CHAPITRE 7 VERSET 14

 

daivi hy esa guna-mayi
mama maya duratyaya
mam eva ye prapadyante
mayam etam taranti te

 

 

 

TRADUCTION

L'énergie que constituent les trois gunas, cette énergie divine, la Mienne, on ne peut, sans mal, la dépasser. Mais qui s'abandonne à Moi en franchit facilement les limites.

 

TENEUR ET PORTEE

Le Seigneur Suprême possède d'innombrables énergies, toutes divines et éternelles. Mais les êtres, les âmes distinctes, bien que participant de Ses énergies divines, voient leur pouvoir supérieur, lorsqu'ils entrent en contact avec l'énergie matérielle, se voiler. Et une fois recouvert par l'énergie matérielle, on ne peut jamais, par soi-même, en vaincre les influences. De nature divine, les énergies matérielles et spirituelles sont, nous l'avons vu, toutes deux éternelles; par suite, l'illusion des êtres conditionnés par la matière sera également éternelle: ces êtres sont donc appelés nitya-baddhas, "éternellement conditionnés". Nul ne peut retrouver l'origine de son conditionnement matériel; c'est d'ailleurs pourquoi il est si difficile d'échapper aux griffes de la matière. Il est vrai que l'énergie matérielle est inférieure, mais n'oublions pas qu'en dernière analyse, elle opère sous la direction du Seigneur, et qu'aucun être ne peut aller contre Sa volonté. Si l'on va jusqu'à définir comme divine l'énergie matérielle, c'est qu'elle, émane du Seigneur et n'agit que par Sa volonté divine. Ainsi, bien qu'elle soit inférieure, la puissance externe du Seigneur, parce qu'elle repose entièrement sur la volonté suprême, agit admirablement quant à la création et la destruction de la manifestation cosmique. Ce que corroborent les Vedas:

"Maya est certes temporaire et illusoire, mais le magicien qui Se tient derrière elle n'est nul autre que Mahesvara, le maître absolu, Dieu, la Personne Suprême."
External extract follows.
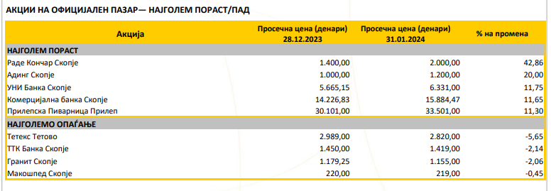 Македонската берза го објави билтенот за јануари, а оваа се акциите со најголем раст и пад за тој период:

Le mot "guna", qui désigne les influences matérielles, signifie également "corde", illustrant comment l'âme conditionnée est prisonnière des liens de l'illusion. Pieds et poings liés, le prisonnier ne peut espérer se libérer par lui- même; et comme il n'a rien à attendre de ses compagnons de misère, il ne devra sa liberté qu'à un homme libre. De même, seuls Krsna et Son représentant authentique, l'acarya, peuvent affranchir l'âme conditionnée. Sans aide supérieure, nul ne pourra trancher les liens qui le retiennent à la matière. Mais pour obtenir un tel secours, il suffit de pratiquer le service de dévotion, d'adopter la conscience de Krsna. Krsna, maître de l'énergie illusoire, peut bien, par affection pour un être qui, est Son fils bien-aimé, par miséricorde infinie pour l'âme soumise, ordonner à cette force invincible de lâcher son étreinte et de rendre à l'âme sa liberté. C'est donc seulement par l'abandon devant les pieds pareils-au-lotus du Seigneur que l'on pourra échapper aux griffes puissantes de la nature matérielle.

Notons le mot mam, qui se réfère à Krsna (Visnu) et à Lui seul. Car Brahma et Siva, lesquels président respectivement au rajo-guna (la passion) et au tamo-guna (l'ignorance), n'ont pas, bien qu'ils soient presque au niveau de Visnu, le pouvoir d'arracher l'âme conditionnée des griffes de maya, car eux-mêmes subissent son influence; seul Krsna peut en libérer les êtres. Ce que corroborent les Vedas:

 

"Seul accède à la liberté qui connaît Krsna."

Et Siva lui-même affirme que la libération ne peut s'atteindre que par la grâce de Visnu:

"Visnu est Celui qui accorde la libération à tous les êtres; c'est là une certitude."